Covid-19, here is the (small) fleet of antivirals: what they are and how they work The distribution of molnupiravir in Italy has just started, the first oral antiviral against coronavirus, which is added to remdesivir. Here's how the antiviral front is changing, not without perplexity. How effective are they? Turning to the results obtained with antivirals, each molecule makes its own story. We had already talked about remdesivir in the past. The data on efficacy in hospitalized patients are contradictory, and in any case not too encouraging, so much so that WHO has continued to express a negative opinion on its use. More recently, a study published in the New England Journal of Medicine evaluated the efficacy of the drug in case of early administration in non-hospitalized patients at increased risk of disease progression. The results speak of 0.7% of patients hospitalized after taking remdesivir versus 5.3% in the control group that received placebo, for a relative risk reduction of 87%.

As for molnupiravir, the data are far more disappointing. It was initially announced that it was approximately 50% effective in avoiding hospitalizations and deaths.
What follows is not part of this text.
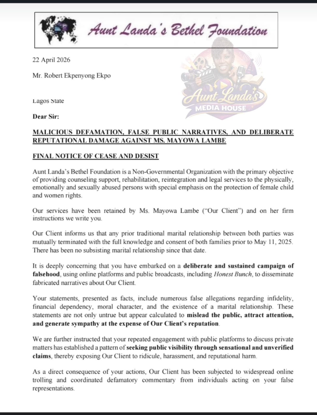 Mayowa maintains that Ekpo has turned private matters into public spectacle, repeatedly discussing their past in a way that has exposed her to online attacks, ridicule, and reputational damage. The document claims this pattern of behavior has encouraged harassment from social media users who relied on his version of events.
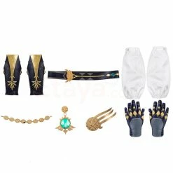 Full Set Including : Cape, Hand Guards, Top, Pant, Belts, Hairpin, Earrings, Gloves, Collar, Collar Decoration, Cape Prop, Sleeves, Waist Chains, God’s Eye Props

But the definitive results of the main trial, which arrived in December, significantly reduced the provisional estimates, concluding that the effectiveness of molnupiravir does not reach 30%. Out of about 700 patients, 48 ​​hospitalizations with the drug were recorded, and one death was recorded, for placebo just 68 hospitalizations and 9 deaths. Aifa also took note of the bad performance of molnupiravir, so much so that the rumors of recent days would indicate that the therapeutic plan for the prescription by family doctors for this drug will probably not even be presented, and it will progressively be abandoned. use in the next few months.

The most brilliant results are those of the latest addition: the paxlovid. The data from the trial carried out by the manufacturer have been published in recent days, and concern over two thousand patients randomized to receive the drug (or rather, the combination of two molecules, nirmatrelvir and ritonavir, which makes up the therapy) or a placebo. At the end of the trial, 8 out of 1,039 patients were hospitalized or died in the treatment group, while 66 out of 1046 in the control group. The absolute risk of hospitalization or death for paxlovid was 0.7%, while for placebo we are talking about 6.3%, for a relative risk reduction of 87.8%.

Does China's “zero Covid” strategy still make sense? While most of the world tries to live with the virus, the country continues to pursue a zero tolerance policy undaunted, with increasingly heavy consequences on the population. Costs and effectiveness The only oral antiviral that demonstrates a certain effectiveness, we have seen it, is the paxlovid. And it is probably this drug that is destined to see its use significantly increase in the coming months with the changes in prescription and distribution of the drug announced by AIFA. At the moment, Italy seems to have optioned about 600,000 treatments, which should arrive in stages over the next few months. We bought around 50,000 for molnupiravir, and it seems plausible that we won't be buying many more in the near future. The cost is 610 per cycle, for a total cost of around 30 million euros.

Paxlovid has a similar cost, even if Pfizer, the manufacturing company, has prevented the disclosure of the details of the agreement reached with the commissioner of General Figliuolo. In the Corriere della Sera, Milena Gabanelli estimated € 666 per cycle of therapy, a figure that would bring the total investment for 2022 to approximately 400 million. A lot of money, which we hope will help to further reduce the weight of this pandemic in the coming months . Provided, of course, our health system is finally able to offer these drugs to all patients who need them.